Records contained in a dataset:
--*--

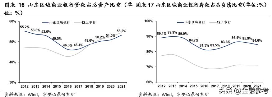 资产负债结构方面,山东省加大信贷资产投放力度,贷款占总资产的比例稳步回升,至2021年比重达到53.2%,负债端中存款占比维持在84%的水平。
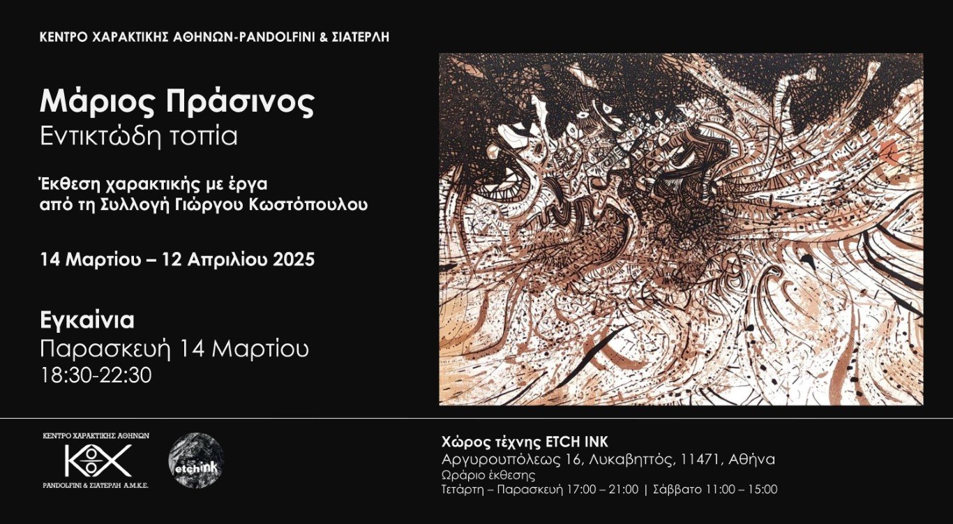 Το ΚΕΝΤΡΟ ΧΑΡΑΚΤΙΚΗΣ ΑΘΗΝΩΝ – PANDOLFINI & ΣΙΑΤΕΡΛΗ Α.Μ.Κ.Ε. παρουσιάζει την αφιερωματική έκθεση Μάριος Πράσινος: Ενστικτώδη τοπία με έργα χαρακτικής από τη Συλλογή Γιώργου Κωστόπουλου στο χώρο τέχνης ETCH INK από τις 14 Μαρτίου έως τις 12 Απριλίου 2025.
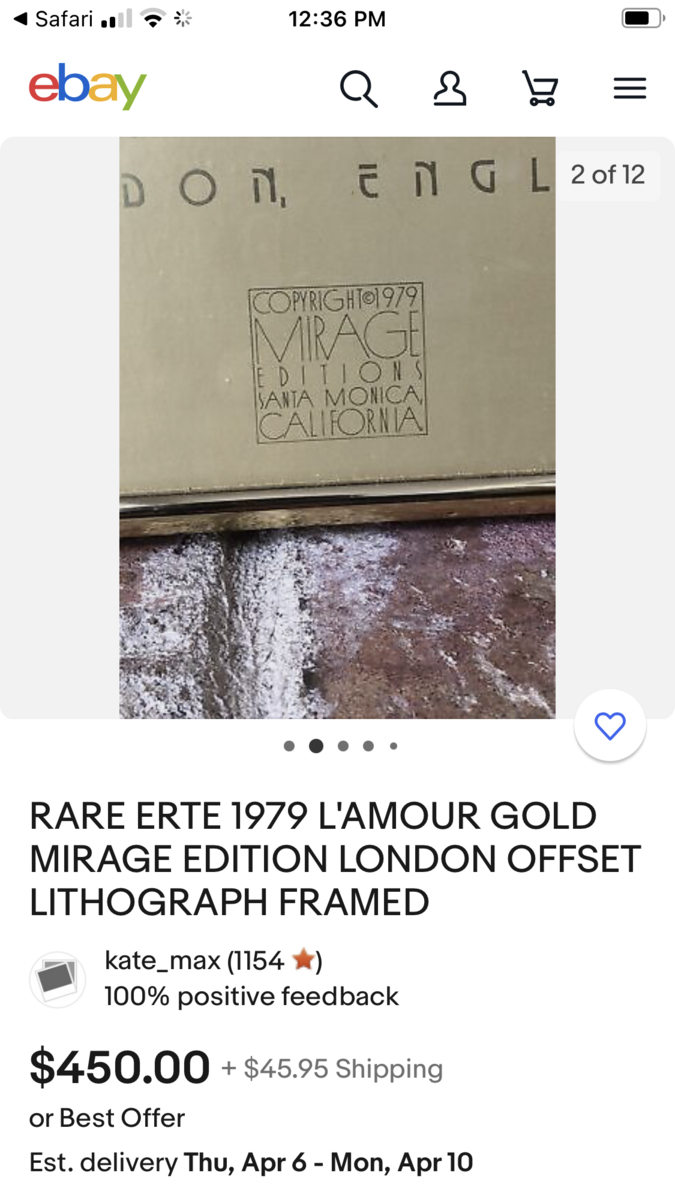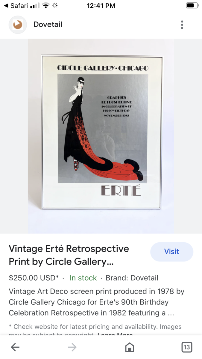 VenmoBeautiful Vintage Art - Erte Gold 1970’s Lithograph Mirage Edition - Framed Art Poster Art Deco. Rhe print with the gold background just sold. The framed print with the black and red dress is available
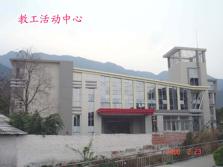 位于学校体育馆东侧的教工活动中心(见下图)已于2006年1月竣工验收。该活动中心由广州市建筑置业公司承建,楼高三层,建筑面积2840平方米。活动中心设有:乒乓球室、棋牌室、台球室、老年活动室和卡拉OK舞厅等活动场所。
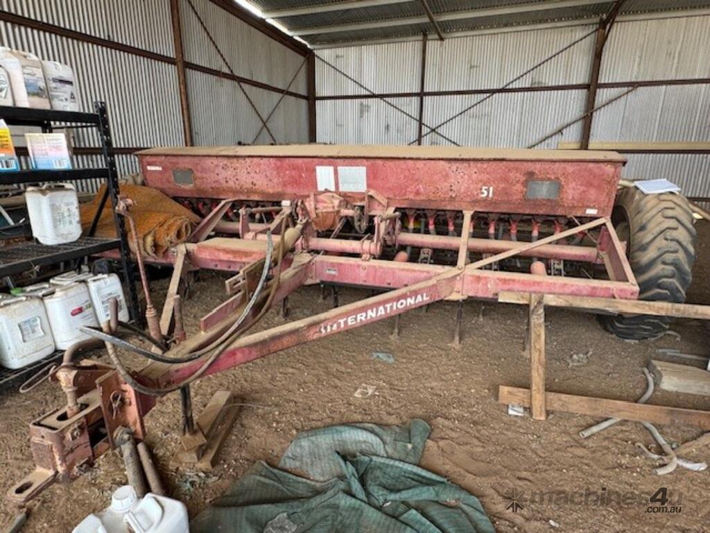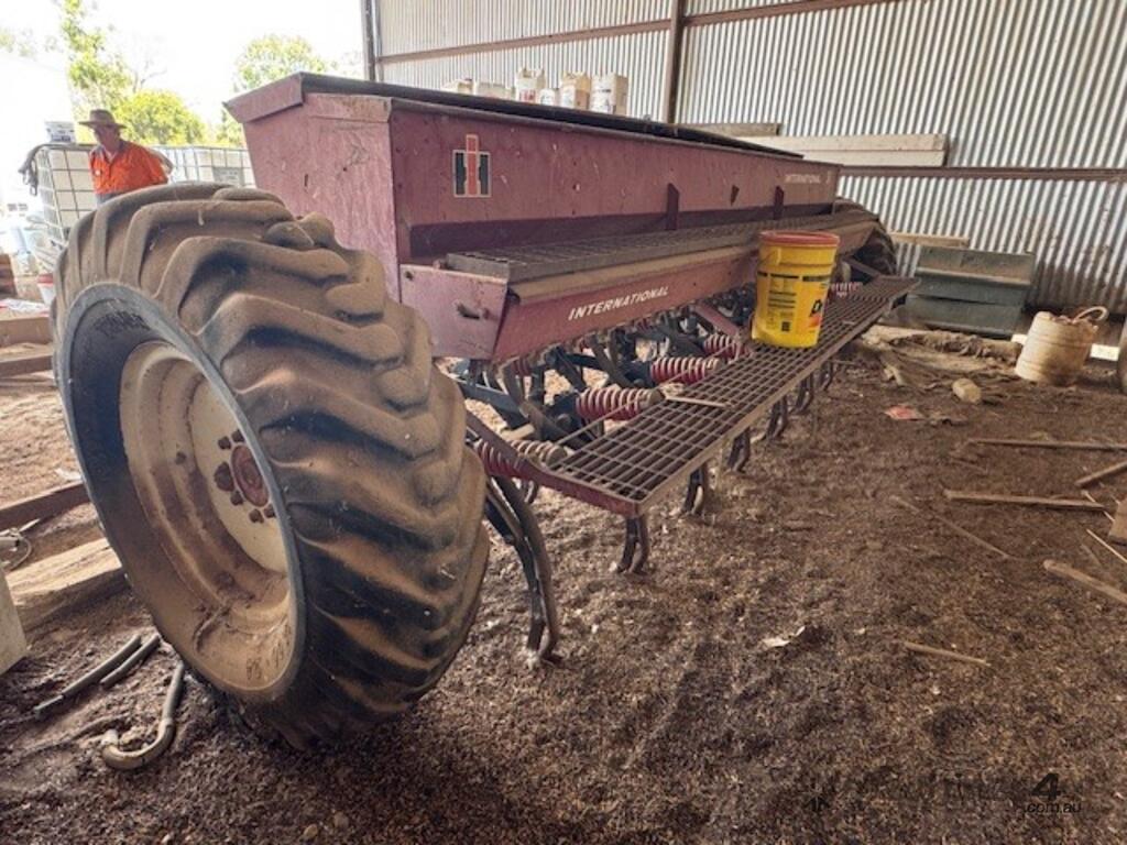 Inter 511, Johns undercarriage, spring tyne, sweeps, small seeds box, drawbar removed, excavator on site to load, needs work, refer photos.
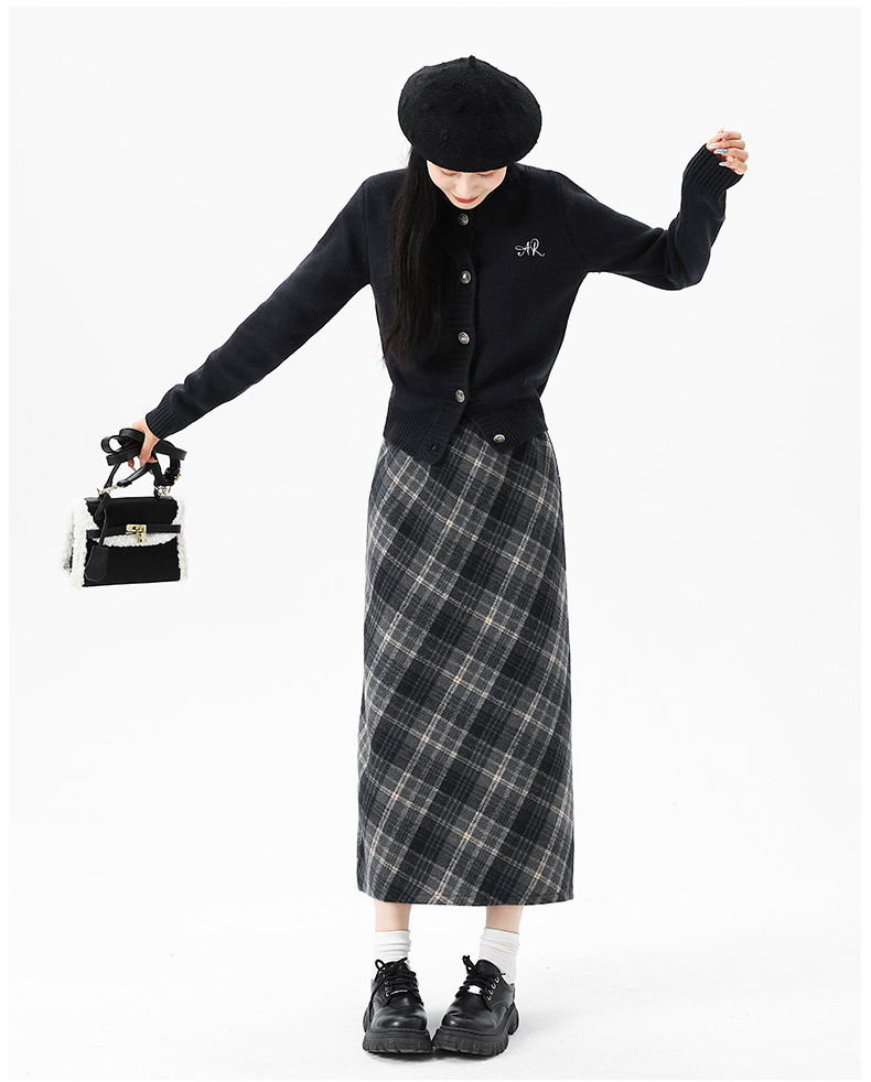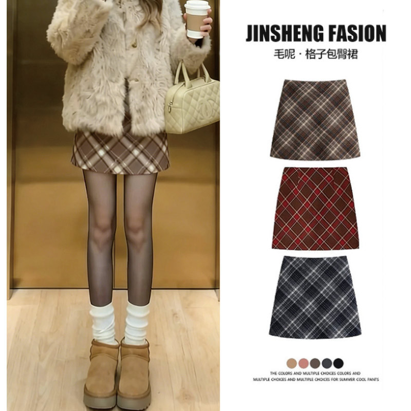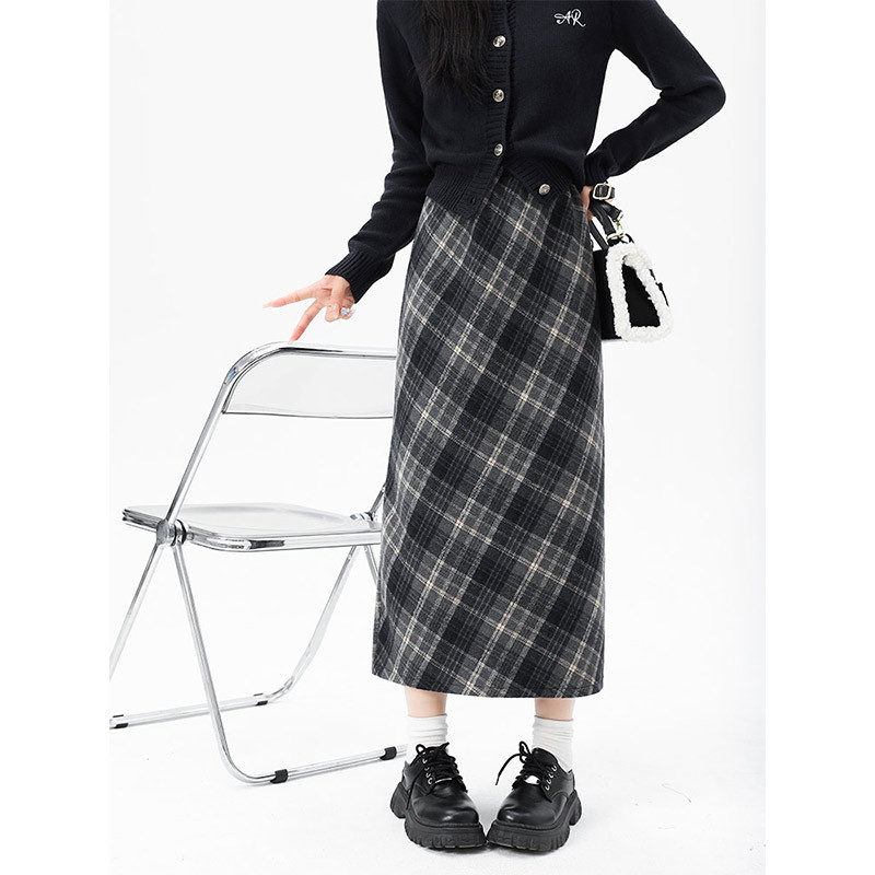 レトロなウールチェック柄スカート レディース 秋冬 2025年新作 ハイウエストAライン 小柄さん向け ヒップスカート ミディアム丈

--*--

## What this task involves
Find the line that contains "Το ΚΕΝΤΡΟ ΧΑΡΑΚΤΙΚΗΣ", then write out that line and every line after it through the end of the records, exactly. Leave the pictures out.

## Solution to this task
 Το ΚΕΝΤΡΟ ΧΑΡΑΚΤΙΚΗΣ ΑΘΗΝΩΝ – PANDOLFINI & ΣΙΑΤΕΡΛΗ Α.Μ.Κ.Ε. παρουσιάζει την αφιερωματική έκθεση Μάριος Πράσινος: Ενστικτώδη τοπία με έργα χαρακτικής από τη Συλλογή Γιώργου Κωστόπουλου στο χώρο τέχνης ETCH INK από τις 14 Μαρτίου έως τις 12 Απριλίου 2025.
 VenmoBeautiful Vintage Art - Erte Gold 1970’s Lithograph Mirage Edition - Framed Art Poster Art Deco. Rhe print with the gold background just sold. The framed print with the black and red dress is available
 位于学校体育馆东侧的教工活动中心(见下图)已于2006年1月竣工验收。该活动中心由广州市建筑置业公司承建,楼高三层,建筑面积2840平方米。活动中心设有:乒乓球室、棋牌室、台球室、老年活动室和卡拉OK舞厅等活动场所。
 Inter 511, Johns undercarriage, spring tyne, sweeps, small seeds box, drawbar removed, excavator on site to load, needs work, refer photos.
 レトロなウールチェック柄スカート レディース 秋冬 2025年新作 ハイウエストAライン 小柄さん向け ヒップスカート ミディアム丈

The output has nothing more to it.